What you integrate vs what the platform handles
A clean integration depends on a clear split of duties. The operator owns the call path and the signals; the platform owns the money, the entitlement, and the records.
You provide
- Switch and SIP events for call setup, answer, and release.
- The dialled destination, calling identity, and PIN or account reference at setup.
- Honouring of disconnect instructions so sessions end on the cut-off signal.
- Routing and media handling, which remain entirely on the switch side.
The platform handles
- Real-time per-second rating against A-Z rate decks.
- Balance and PIN control, reservation, and live deduction.
- Entitlement and enforcement, including hard cut-off and fraud caps.
- CDR generation, multi-brand and reseller separation, and records for reconciliation.
Fits existing carrier stacks
The control layer is designed to work with the environments operators already run. SIP, softswitch, and proxy deployments can all sit in front of the platform, because the integration relies on call events and disconnect instructions rather than on any one vendor or topology.

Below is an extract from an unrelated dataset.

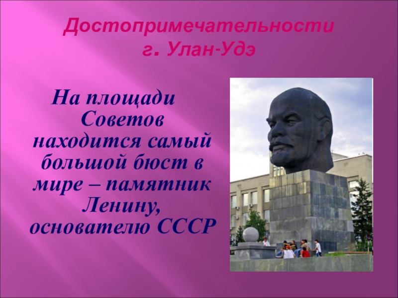 Достопримечательности  г. Улан-Удэ   На площади Советов находится самый большой бюст в мире – памятник
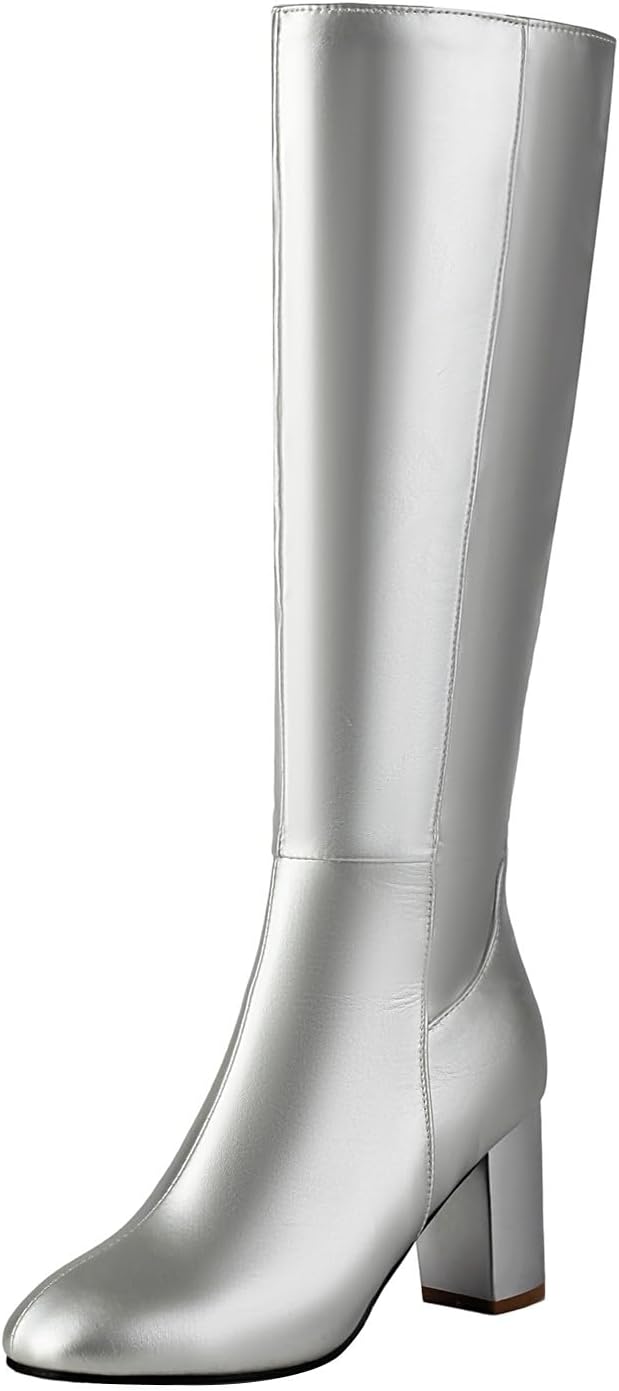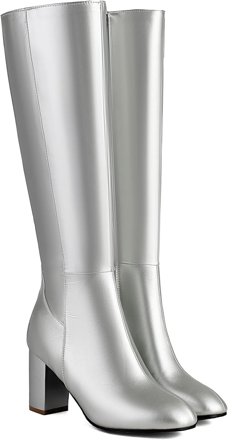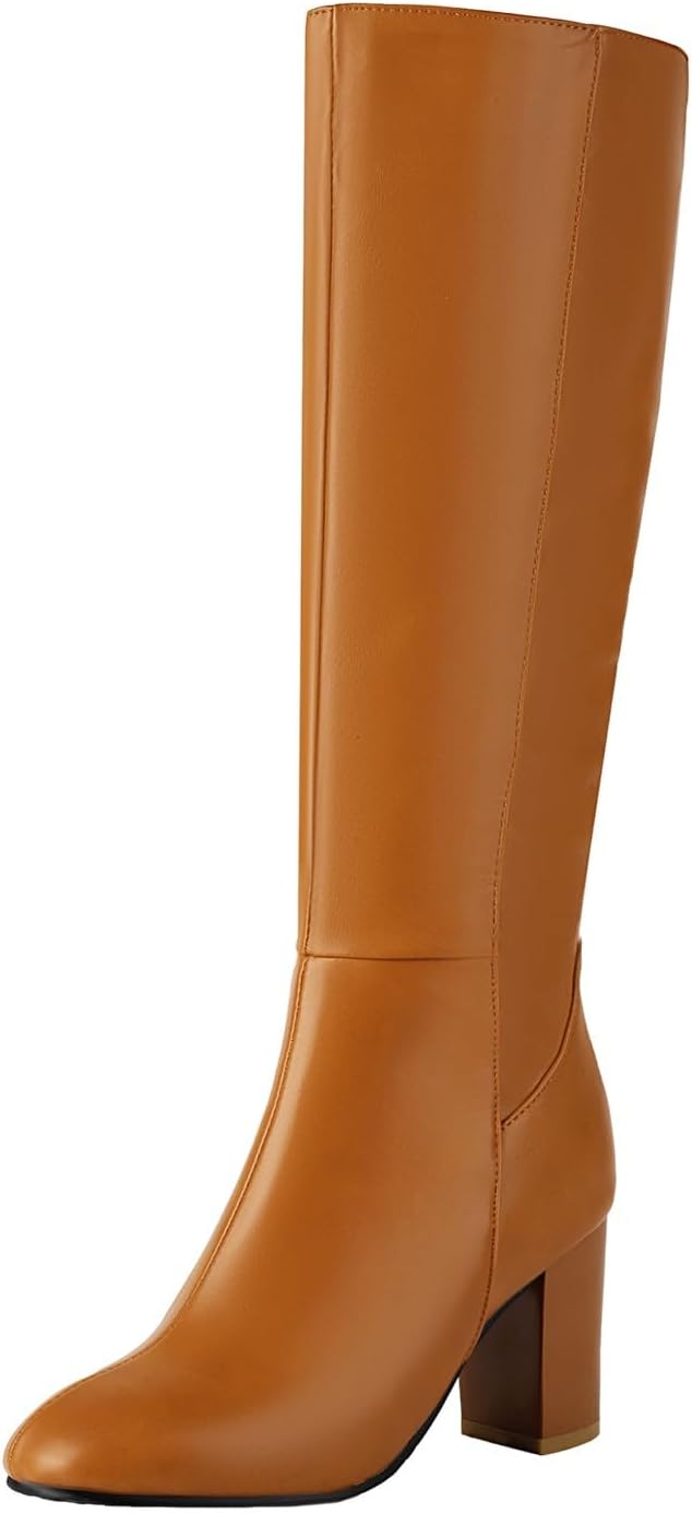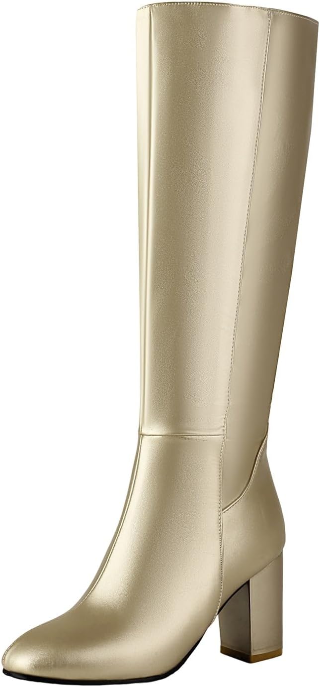 Platform Chunky High Heel Knee High Boots for Women Comfy Side Zipper Waterproof Pull on Long Boots Fashion Comfortable Almond Round Toe Solid Color Shoes Classic Motorcycle Knight Riding Tall Shoes

A documented API surface keeps the work contained. Teams integrate against defined exchanges for authorisation, live rating, and teardown, so they can add prepaid control without re-architecting the switch or replacing components that already work. The same surface supports multi-brand and reseller separation, so several products can share the infrastructure while keeping their balances, rate decks, and records apart.
The result is an addition rather than a migration of the call path. The switch keeps routing and media; the platform supplies the real-time credit control, hard cut-off enforcement, and CDRs that prepaid voice and calling cards depend on.